Exercise 7: Converting a Spark Data Processing Pipeline to Apache Beam

Objective: Learn how to convert an Apache Spark-based data processing pipeline to an Apache Beam pipeline.

Tasks:

  • Set up a sample Spark pipeline that reads a data source (e.g., a CSV file), performs transformation operations (e.g., filtering, mapping), and writes the output to a destination sink (e.g., another CSV file).
  • Run the Spark data processing pipeline.
  • Develop an Apache Beam pipeline that performs similar transformation operations as the Spark pipeline, reading from and writing to the same data source and destination.
  • Test the Apache Beam pipeline using the DirectRunner.

Cloud Deployment:

  • For the Apache Beam pipeline, update the input and output sources to cloud-based storage (e.g., Google Cloud Storage).
  • Deploy the Apache Beam pipeline using the DataflowRunner or other available runner options based on your cloud provider (e.g., Flink on AWS or Azure Data Factory).

Exercise 8: Auctions in Clojure

Components

  1. REST API: Create a REST API using the Clojure Ring library to handle requests related to user registration, item listing, and bid placement.

  2. WebSocket Server: Implement a WebSocket server using the Sente library (Clojure). The server will be responsible for broadcasting real-time bidding updates to all connected clients.

  3. Database: Use a database (e.g., PostgreSQL) for storing user data, auction items, and bid history.

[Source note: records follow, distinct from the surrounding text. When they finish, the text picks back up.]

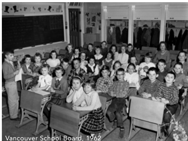
Vancouver School Board, 1962

VHF is working with local educators to develop an online Heritage Study Guide to engage young learners in Vancouver's diverse local history and heritage places. The guide will include lesson plans and resources, project and field trip ideas for Grades 4-5 and 9-11 Social Studies, tied to the BC Curriculum.
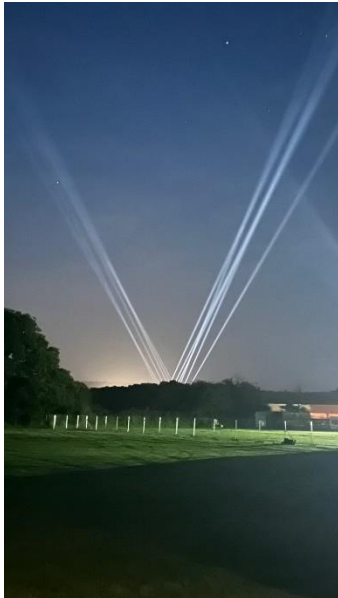
Lasers over Longleat

Saturday, a lovely warm fine evening...we congregated by the rally officer's awning with our tables, chairs etc., and were treated to a lovely evening supper of a Ploughman's with cheese (of course), ham, bread and much more including an alcoholic beverage. It was superb and greatly received by all. There was light music in the background and lots of lively chatter.
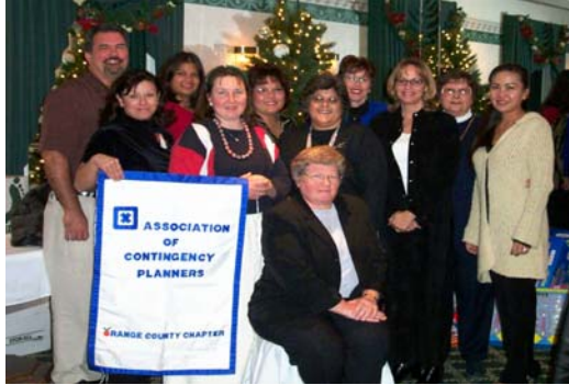
ACP-OC 2001 Board Members

Interact with the database using the HugSQL library for Clojure.

  4. Frontend: Develop a simple web page using HTML and JavaScript, allowing users to interact with the auction system: browse items, place bids, and view the highest bid in real-time via WebSockets.

Implementation Steps

  1. Develop the REST API using the Ring library. Create endpoints for user registration (sign up, log in), listing auction items, adding new items, and submitting bids on items.

  2. Create the WebSocket server with the Sente library. The server should handle bid updates and broadcast new highest bids to all connected clients in real-time.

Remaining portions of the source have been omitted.